Directions for this task: Return the stretch from the line with "Респиратор универсальный KN95" through the line with "Concrètement, on peut" in the data below, character for character, skipping all pictures.

== Record extracts

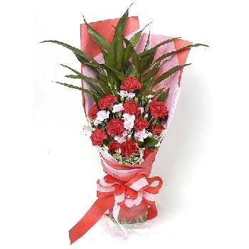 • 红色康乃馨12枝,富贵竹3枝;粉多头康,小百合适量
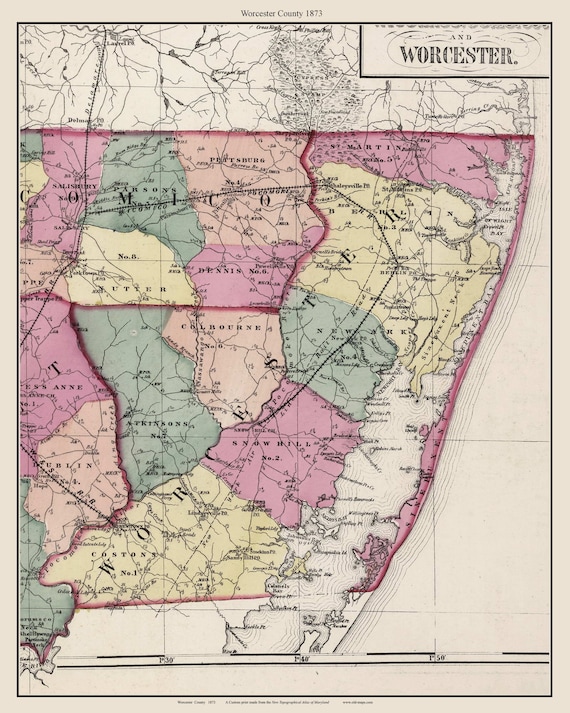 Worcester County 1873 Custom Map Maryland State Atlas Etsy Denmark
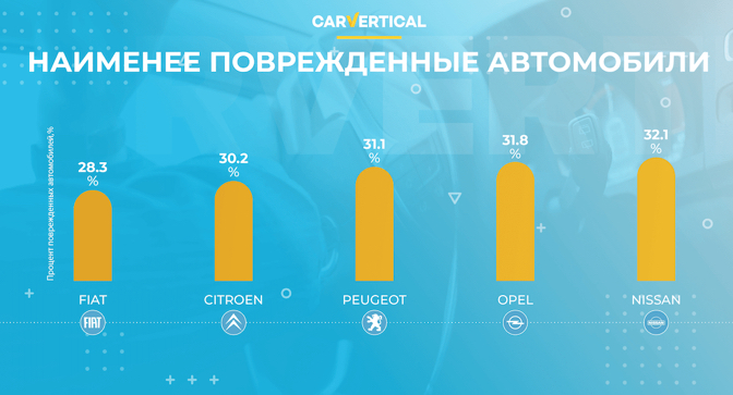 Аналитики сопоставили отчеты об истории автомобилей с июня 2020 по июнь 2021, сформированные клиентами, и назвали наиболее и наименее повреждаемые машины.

====
== Record extracts

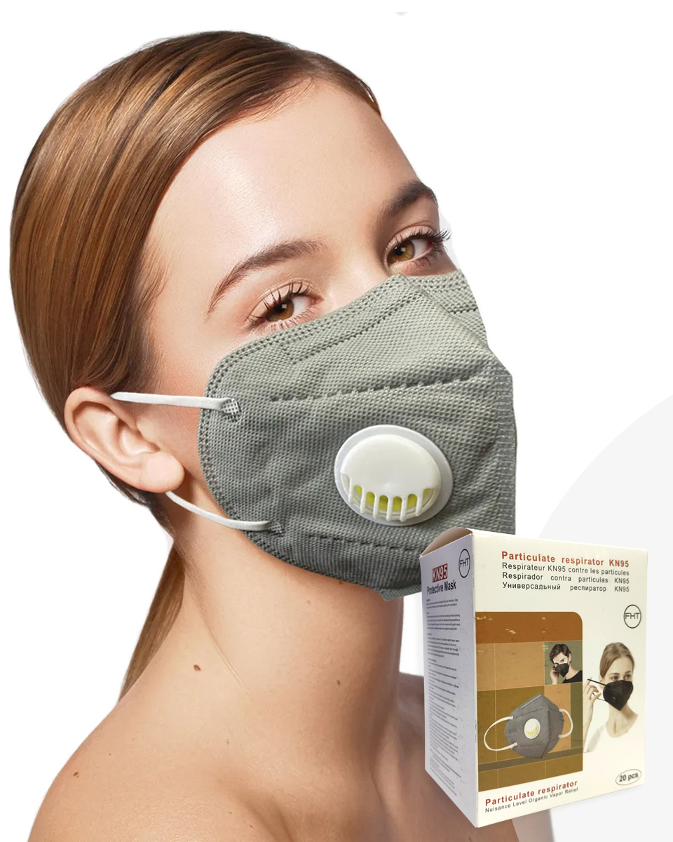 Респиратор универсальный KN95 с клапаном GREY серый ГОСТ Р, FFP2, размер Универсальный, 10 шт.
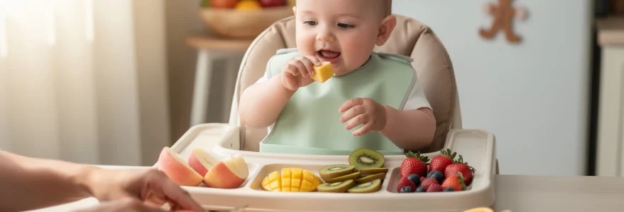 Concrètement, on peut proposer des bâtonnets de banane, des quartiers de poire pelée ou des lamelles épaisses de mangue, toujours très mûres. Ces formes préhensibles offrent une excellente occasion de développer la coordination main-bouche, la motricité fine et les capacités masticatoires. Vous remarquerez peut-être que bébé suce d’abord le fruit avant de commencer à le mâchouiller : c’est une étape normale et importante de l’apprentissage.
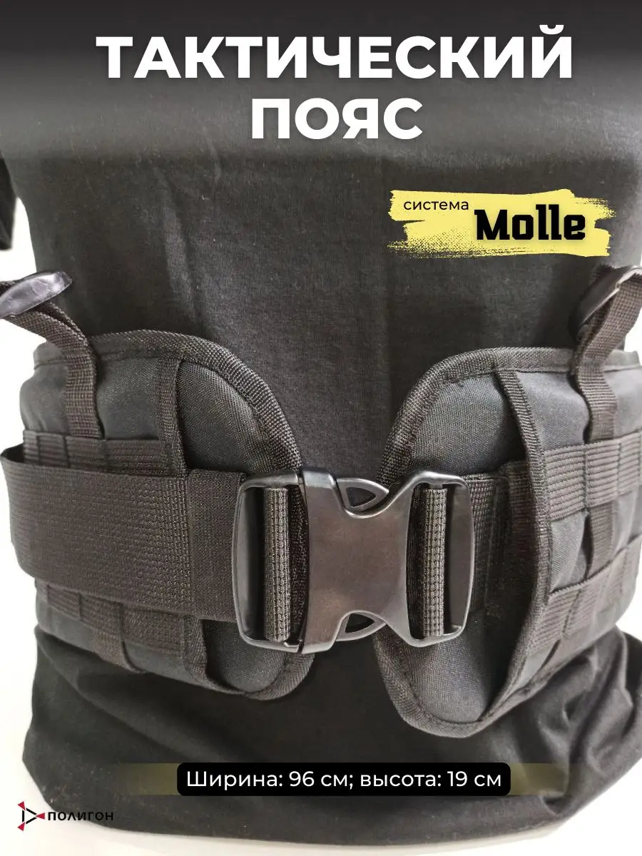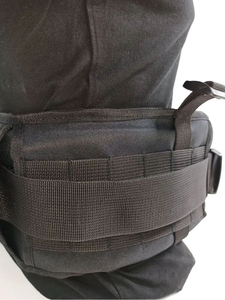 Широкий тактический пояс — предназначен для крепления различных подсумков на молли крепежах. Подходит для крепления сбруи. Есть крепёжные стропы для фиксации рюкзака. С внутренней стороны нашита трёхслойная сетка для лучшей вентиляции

====

Problem solution:
 Респиратор универсальный KN95 с клапаном GREY серый ГОСТ Р, FFP2, размер Универсальный, 10 шт.
 Concrètement, on peut proposer des bâtonnets de banane, des quartiers de poire pelée ou des lamelles épaisses de mangue, toujours très mûres. Ces formes préhensibles offrent une excellente occasion de développer la coordination main-bouche, la motricité fine et les capacités masticatoires. Vous remarquerez peut-être que bébé suce d’abord le fruit avant de commencer à le mâchouiller : c’est une étape normale et importante de l’apprentissage.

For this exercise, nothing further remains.